GPU shuffle instructions are 32-bit. For `i64`, `f64`, `u64`, the type system handles the two-pass shuffle automatically:

```rust
let data = data::PerLane::new(3.14159_f64);
let partner = warp.shuffle_xor(data, 1);  // Two shfl.sync calls, zero overhead
```

Both halves are always shuffled together — you can't accidentally shuffle only the low 32 bits.

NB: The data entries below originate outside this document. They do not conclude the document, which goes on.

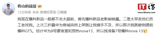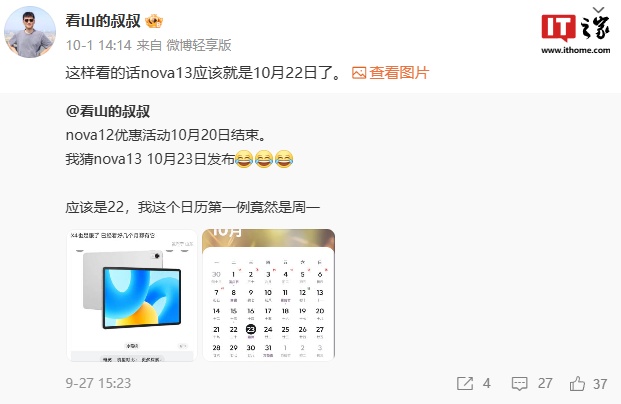 IT之家 10 月 5 日消息,据博主 @看山的叔叔 今日发文称,华为 nova 13 系列手机预计 10 月 8 日官宣 / 预热,7 日将带来爆料。
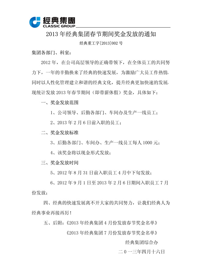 2013年經典集團春節期間獎金發放的通知
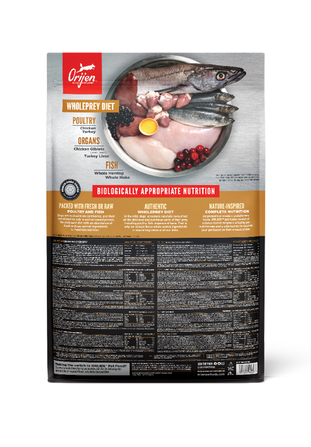• Our authentic WholePrey diet features the most succulent parts of the prey like poultry or fish, organs and bone to mimic what your dog’s ancestors consumed in the wild.
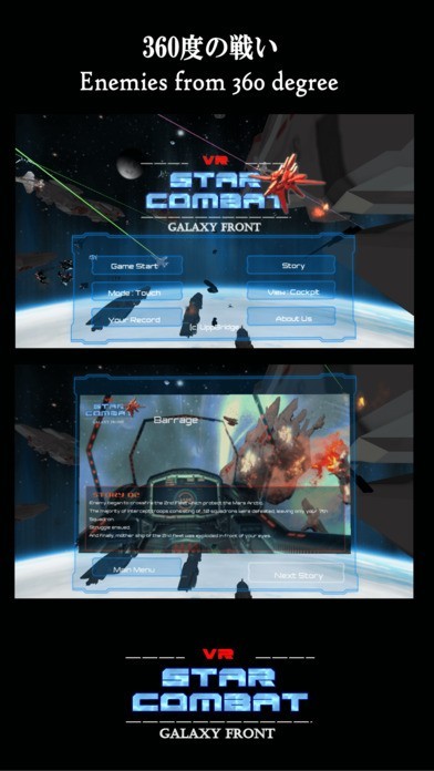 HMDにスマホを装着すれば、最先端のVR機能を利用して、戦闘機パイロットを体験できます。舞台は壮大なスケールの宇宙空間です。侵略してくる敵の戦闘機部隊を阻止するのはエースパイロットのあなたです。
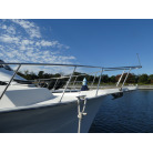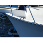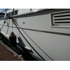 設計はワシントン州ベインブリッジ島の名デザイナー Ed Monk Jr.。丸みを帯びたチャインと長いキールによる 耐航性に優れたセミディスプレースメントハルを採用し、荒天時でも安心感のある走行を実現します。
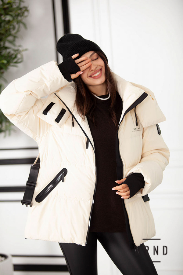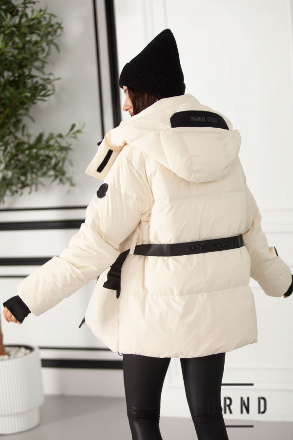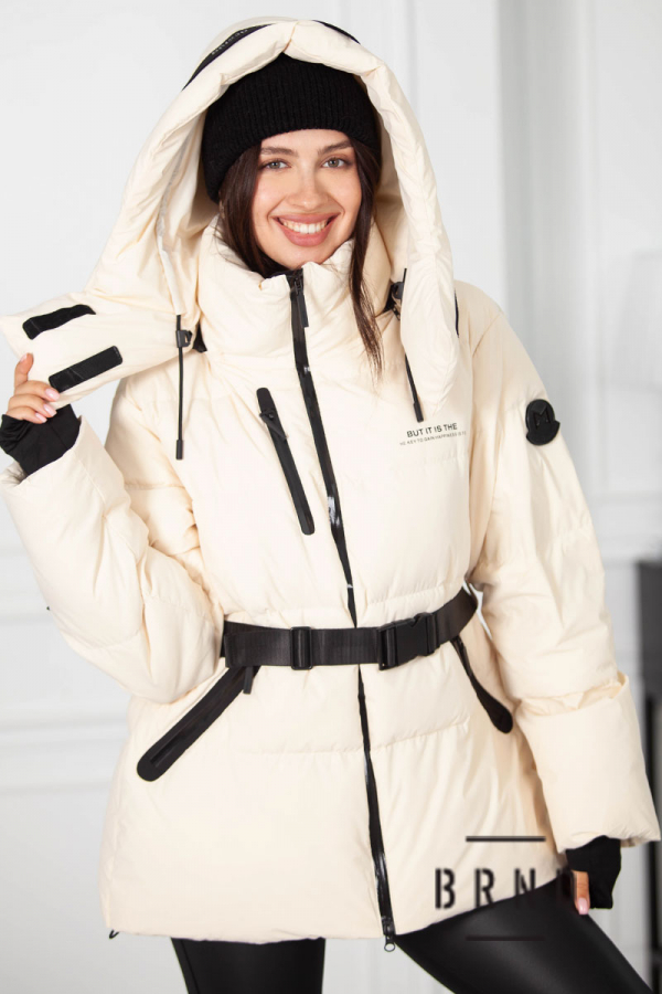 Куртка прямого кроя, с капюшоном, поясом и карманами, ворот-стойка (Other Brand)
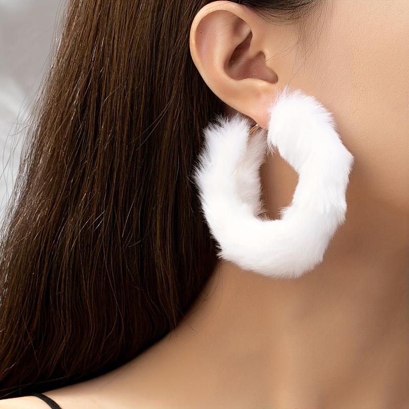 Fluffy Furry Hoop Earrings Soft Faux Fur Lightweight Comfortable
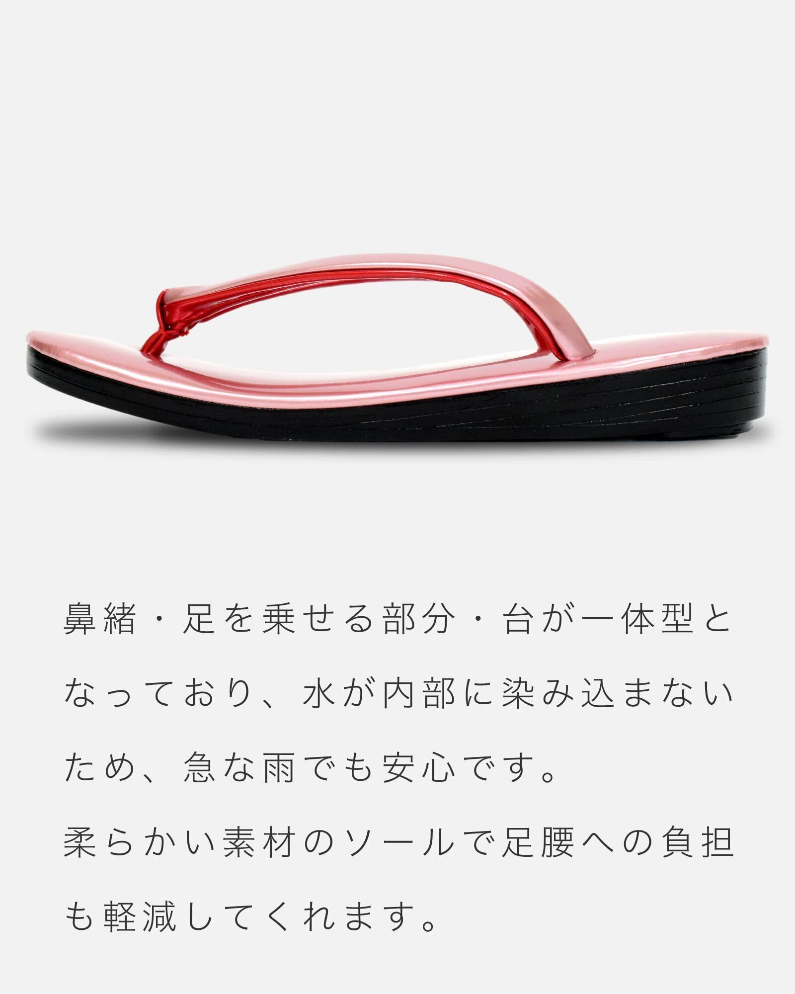この草履は、ウレタン素材を使用しており、柔らかくて歩きやすいのが特長です。足に優しくフィットし、長時間の使用でも疲れにくいデザインが施されています。女性らしいラインを演出しつつ、きちんとした印象を与えるツートンカラーは、特別な日からデイリーユースまで幅広く活躍します。
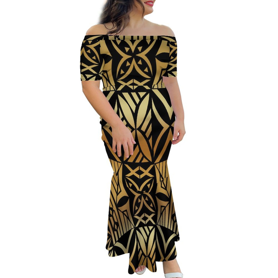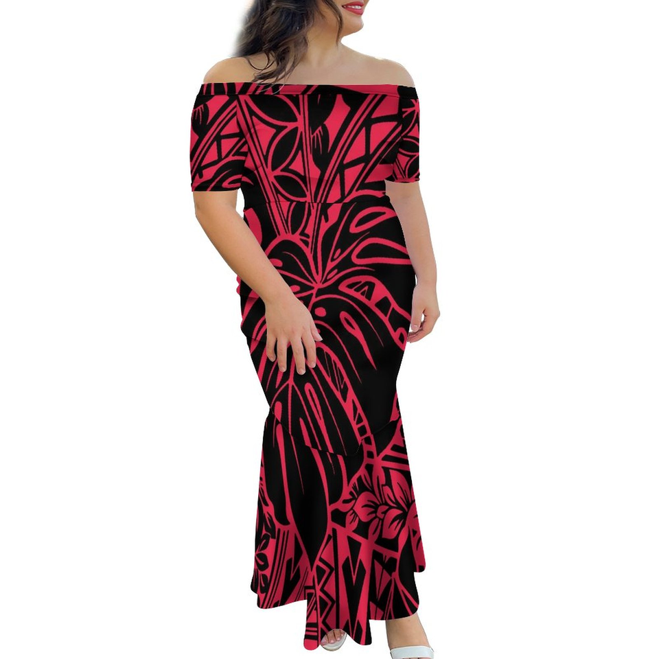 Red Big People Customized on Demand Half Shoulder Fishtail Dress Tongan Style Polynesian Pacific Island Art One Shoulder Dress
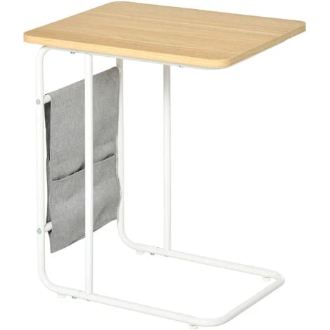 Cette jolie table basse d’appoint rectangulaire en métal époxy anticorrosion blanc avec plateau aspect bois clair apportera une touche d’élégance supplémentaire à votre intérieur ! Sa taille compacte, sa légèreté vous permettront de la déplacer à votre guise et de l’utiliser suivant vos besoins : table basse, bout de canapé, guéridon, etc. Ses 2 pochettes de rangement en tissu gris seront pratiques pour ranger vos télécommandes ou magazines.
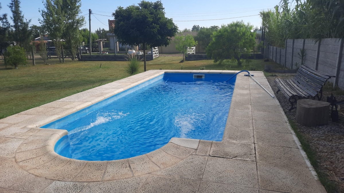 이 숙소는 현대적인 편의시설과 기능적인 경험을 제공합니다. 편안한 객실 2개, 수영장이 있는 커다란 나무 공원, 휴식을 취하고 정원을 즐길 수 있는 완벽한 갤러리를 즐겨보세요. 시설이 완비된 주방, 스코틀랜드 샤워 시설, 와이파이, 크롬캐스트가 있는 TV가 있습니다. 5명을 수용할 수 있어 전통적인 나라 아사도를 즐기면서 순수한 공기를 즐기고 자연을 사색할 수 있습니다.
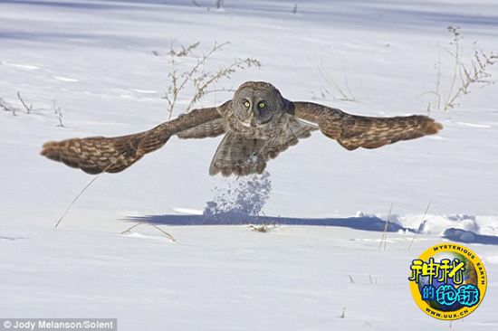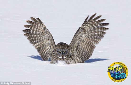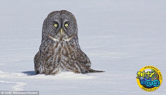 这些照片拍摄于加拿大安大略的鲍勃卡基恩。随着温度降至零下15摄氏度,这只大灰猫头鹰会一直留在树上,俯视这片雪地。在得知大灰猫头鹰在这片雪地出没后,47岁的摄影师乔迪·梅朗森用了一小时来到这里,拍摄了这些难得一见的照片。
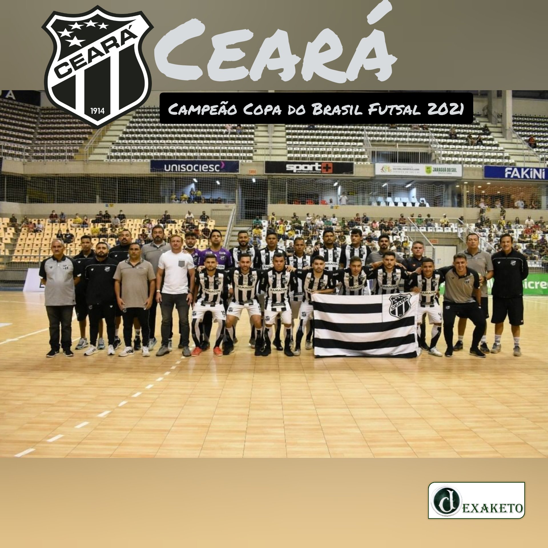 Neste domingo (26), o Ceará SC conquistou a Copa do Brasil de Futsal 2021. O Vozão bateu o tradicional Jaraguá por 4×1 (1×1 no tempo normal/ 3×0 na Prorrogação). O grande destaque da equipe foi João Cesar, autor de 2 dos 4 gols da equipe alvinegra.
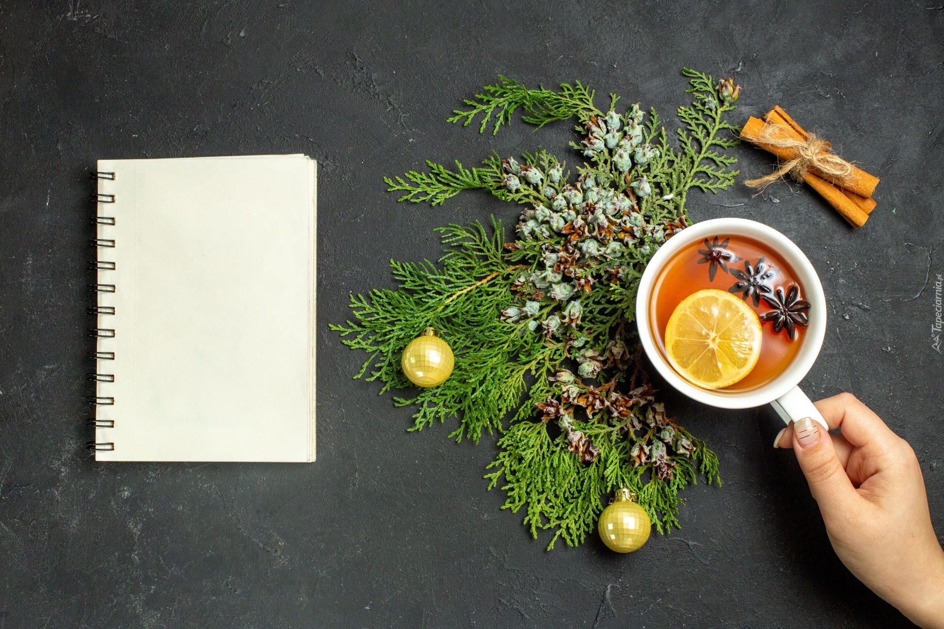 Edytor tapety: Filiżanka herbaty obok gałązek i notatnika
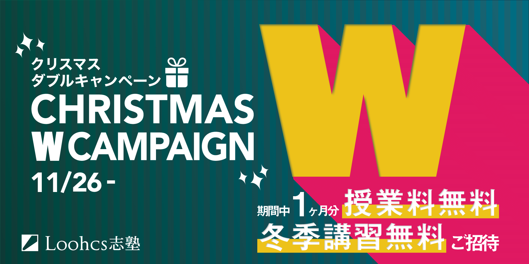 少しでも高校生に合格のチャンスを作りたい。そこで、多くの受験生がロケットスタートを切っていただくために、授業料1ヶ月分と冬期講習が無料になる「クリスマスW無料キャンペーン」を実施いたします。
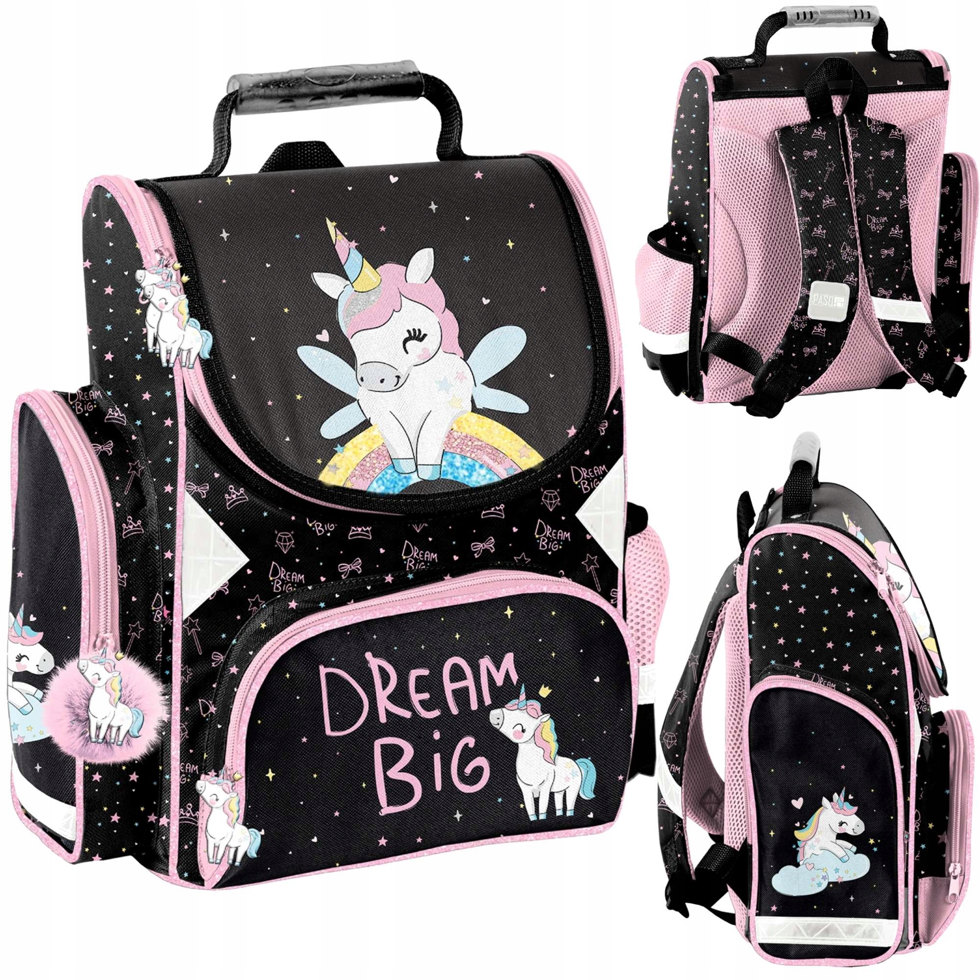 Він рожево-чорний і має зображення милого єдинорога. На замках є маленькі зображення тварини.
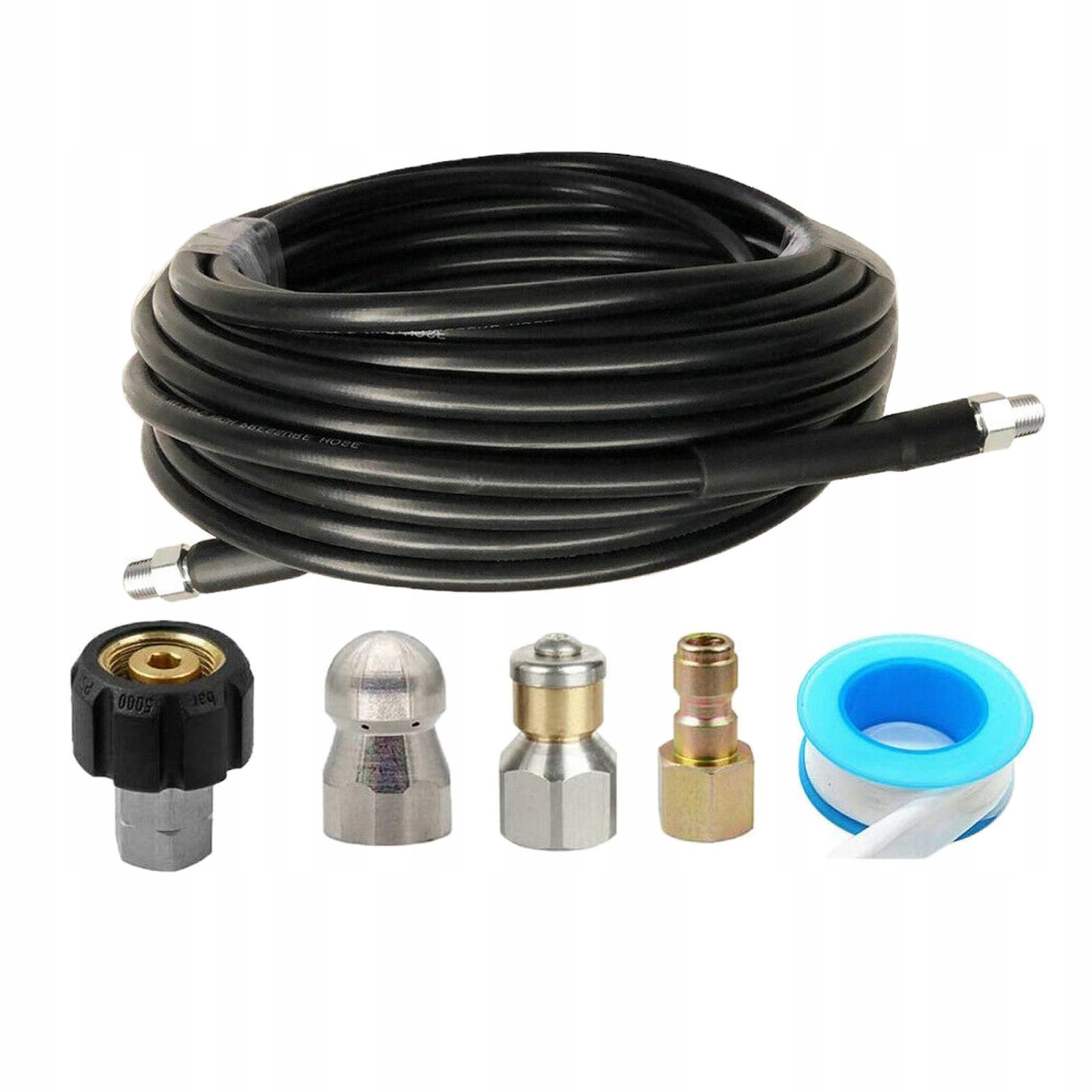 Профессиональный комплект для чистки канализации. В комплект для чистки канализации входят канализационный шланг длиной 49 футов, кнопочная канализационная насадка, поворотная канализационная струйная насадка, быстроразъемный соединитель 1/4 дюйма, фитинг (мама M22 на внутреннюю резьбу 14 мм NPT) и водонепроницаемая лента. Мойка высокого давления поможет вам прочистить засоры. Другие виды дренажного оборудования внутри и снаружи помещений в сочетании с мойкой высокого давления любой марки могут легко смыть засоры.

### Data-Dependent Divergence

When the active set depends on runtime data (not a fixed pattern like Even/Odd), use `diverge_dynamic`:

```rust
let warp: Warp<All> = Warp::kernel_entry();

// Mask determined at runtime (e.g., from ballot or data comparison)
let runtime_mask: u64 = 0x0000FFFF;
let diverged = warp.diverge_dynamic(runtime_mask);

// Can't shuffle on either branch — they're partial warps
// Must merge to recover Warp<All>
let warp: Warp<All> = diverged.merge();
let _result = warp.shuffle_xor(data, 1);  // OK
```

The mask is dynamic but the complement is structural — `DynDiverge` guarantees that `true_mask | false_mask == all_mask` by construction. No dependent types needed.

## 8. What's Next

### For Users
- Clone the repo and run `cargo test && cargo test --examples` (317 unit + 28 doc + 50 example = 395 total)
- Try `bash reproduce/demo.sh` to see the cuda-samples #398 bug vs. type-safe fix
- Write your own kernel in `examples/gpu-project/`
- Read the paper in `paper/paper.md`

### For Researchers
- The Lean 4 formalization is in `lean/` (31 named theorems, all zero `sorry`, zero axioms — including progress, preservation, and 5 bug untypability proofs)
- Active set masks are `u64` — ready for AMD 64-lane wavefronts
- The `Platform` trait in the builder supports future backends
- The tile system opens cooperative groups to formal typing

### For Language Designers
- The core insight transfers to any language with phantom types or zero-cost abstractions
- Typestate for hardware communication protocols (not just software)
- The `ComplementOf` pattern (compile-time proof of set complement) is reusable

### Known Limitations
- AMD MI300X verified for mask correctness; full GPU execution path requires amdgcn Rust target (not yet available)
- Nightly Rust required for GPU kernel compilation (`abi_ptx`, `asm_experimental_arch`); the type system itself works on stable

---

**The core idea is simple:** Warps carry types. Types track which lanes are active. Shuffle only exists when all lanes are active. Everything else — the proc macros, the builder, the tiles, the sort — follows from that one decision.

If this idea proves useful, we'll be glad to have been a footnote in the story of safe GPU programming.